## DIRECTIONS:
Starting at the line below with "惠普喷墨打印机墨盒 817彩色墨盒(CC8817A)" and stopping at the line with "2 x SILICONE", please print each line exactly, those two included, and skip every picture.

## SUPPLIED INFORMATION:
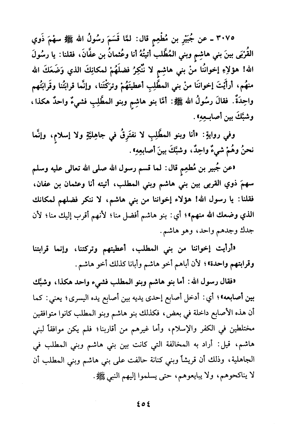 3075 - عن جُبَيْرِ بن مُطْعِم قال: لمَّا قَسَمَ رسُولُ الله - صلى الله عليه وسلم - سهْمَ ذَوي القُرْبَى بينَ بني هاشِمٍ وبني المُطَّلب أتيتُهُ أنا وعُثمانُ بن عفَّانَ، فقلنا: يا رسُولَ الله! هؤلاِءِ إخواننُا منْ بني هاشِم لا نُنْكِرُ فضلَهُمْ لمكانِكَ الذي وَضَعَكَ الله منهُم، أرأَيْتَ إخواننَا منْ بني المطَّلِبِ أعطيتَهُمْ وترَكْتَنا، وإنَّما قرابَتُنا وقَرابتُهم واحِدَةٌ فقالَ رسُولُ الله - صلى الله عليه وسلم -: أمَّا بنو هاشِمٍ وبنو المطَّلِبِ فشيءٌ واحدٌ هكذا، وشبَّكَ بين أصابعِهِ".
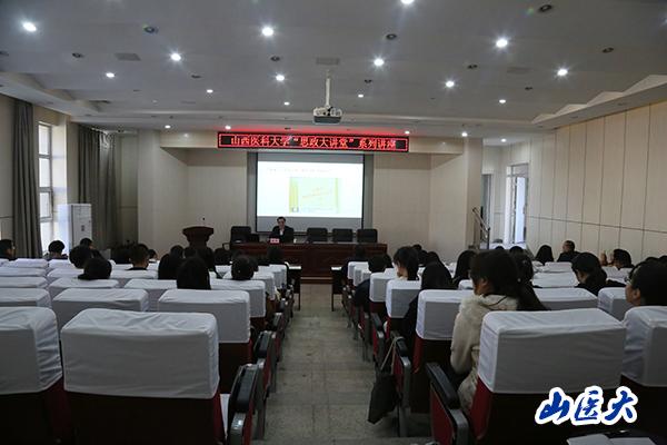 10月16日下午,山西日报报业集团编委、山西日报理论评论部主任、山西省中国特色社会主义理论体系研究中心研究员、山西省高校思想政治理论课特聘教授胡羽应邀在万象城明德楼一层学术报告厅作了以“理论如何接地气”为主题的学术讲座。本次讲座由马克思主义学院、党委宣传部、思想政治工作创新发展研究中心、教师德育素质拓展中心联合举办。校党委副书记贺培凤出席会议。马克思主义学院、党委宣传部等院系部门工作人员以及相关从事思想政治工作和理论研究的师生聆听了讲座。讲座由马克思主义学院院长苏果云主持。
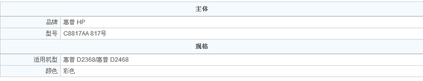 惠普喷墨打印机墨盒 817彩色墨盒(CC8817A)
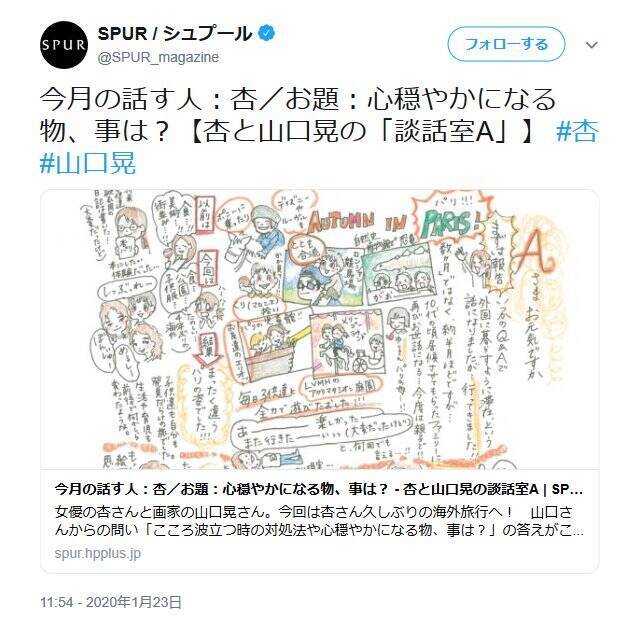 奇しくも1月23日に『SPUR』3月号が発売され、そちらには山口さんの描いた絵手紙が掲載される。そして、「前回の杏さんからの手紙は、本誌ウェブサイトSPUR.JPで読めます。」と、同日サイトに前回2月号に掲載されていた杏さんの手紙がアップされた。
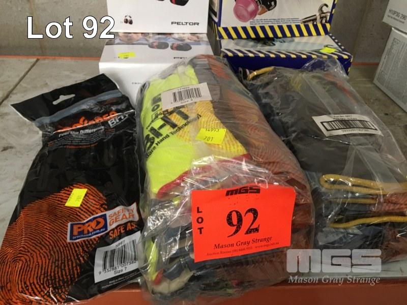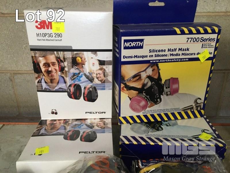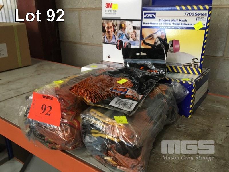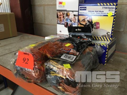 2 x SILICONE RESPIRATOR MASKS, NORTH, 7700 , 2 x PAIRS 3M PECTOR HARD HAT EAR MUFFS, 12 x PAIRS PRO SENSE SAFETY GRIP GLOVES, 12 x PAIRS PRO SENSE STINGA BHT SAFETY GLOVES, (AS NEW)
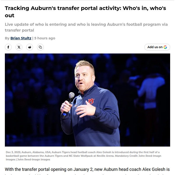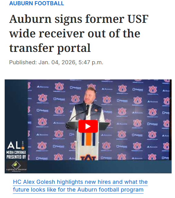 Chad Williams+FollowAuburn’s transfer portal shakeup: What’s next?Auburn’s football roster is about to look very different, with a wave of transfers—many from USF—already moving in and getting settled before classes start. With Alex Golesh at the helm, the Tigers are betting big on blending young talent with experienced veterans, hoping to quickly build chemistry and adapt to new systems. It’s a huge moment for Auburn fans: the next week will reveal which players are sticking around and who’s stepping up. How do you feel about this new era for Auburn football? Can this mix of transfers and recruits deliver results on the field? #Sports #Football #AuburnFootball00Share
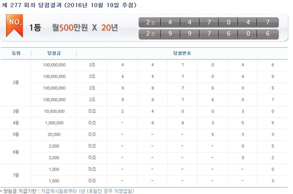 당첨금 1억원을 받는 2등 당첨번호는 2조 447046번, 2조 447048번과 2조 997605번, 2조 997607번 등 4명이다.
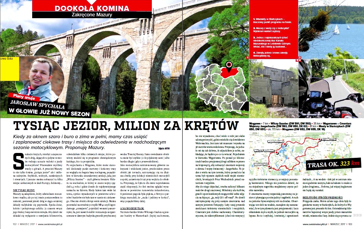 W numerze majowym "Świata Motocykli" jest fajny darmowy dodatek z 22 najlepszymi wg redakcji motocyklowymi trasami turystycznymi po Polsce. Ponieważ 1/3 z nich jest mojego skromnego autorstwa wiec polecam ten numer. (w kioskach od 15.05). Może się moto-turystom przydać.
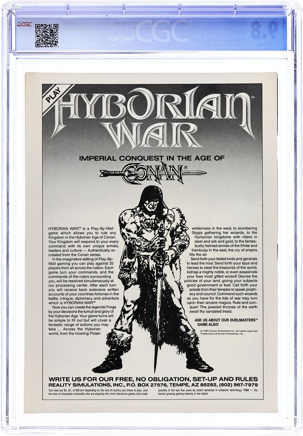 Direct Edition. Conan stars in "Death Stalks a Well-Tended Garden." Script by Roy Thomas, breakdowns by John Buscema, finished art by E.R. Cruz. This is part 3 of the adaptation of "Conan and the Spider-God" by L. Sprague de Camp. Red Sonja stars in "Battles Lost and Won." Script by Roy and Dann Thomas, art by Reggie Jones. This is part 3 of "The Road to Zanadu." Glenn Greenberg reviews the new Conan novels. E.R. Cruz pin-up. John Watkiss cover. Cover price $2.25.
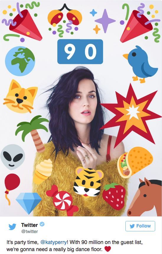 Mentre no arriba el seu esperat nou disc, Katy Perry continua sent notícia, ara per haver superat el rècord de seguidors de Twitter amb 90 milions de seguidors, una xifra que cap altra personalitat del món havia arribat.

## RESULT BELOW:
 惠普喷墨打印机墨盒 817彩色墨盒(CC8817A)
 奇しくも1月23日に『SPUR』3月号が発売され、そちらには山口さんの描いた絵手紙が掲載される。そして、「前回の杏さんからの手紙は、本誌ウェブサイトSPUR.JPで読めます。」と、同日サイトに前回2月号に掲載されていた杏さんの手紙がアップされた。
 2 x SILICONE RESPIRATOR MASKS, NORTH, 7700 , 2 x PAIRS 3M PECTOR HARD HAT EAR MUFFS, 12 x PAIRS PRO SENSE SAFETY GRIP GLOVES, 12 x PAIRS PRO SENSE STINGA BHT SAFETY GLOVES, (AS NEW)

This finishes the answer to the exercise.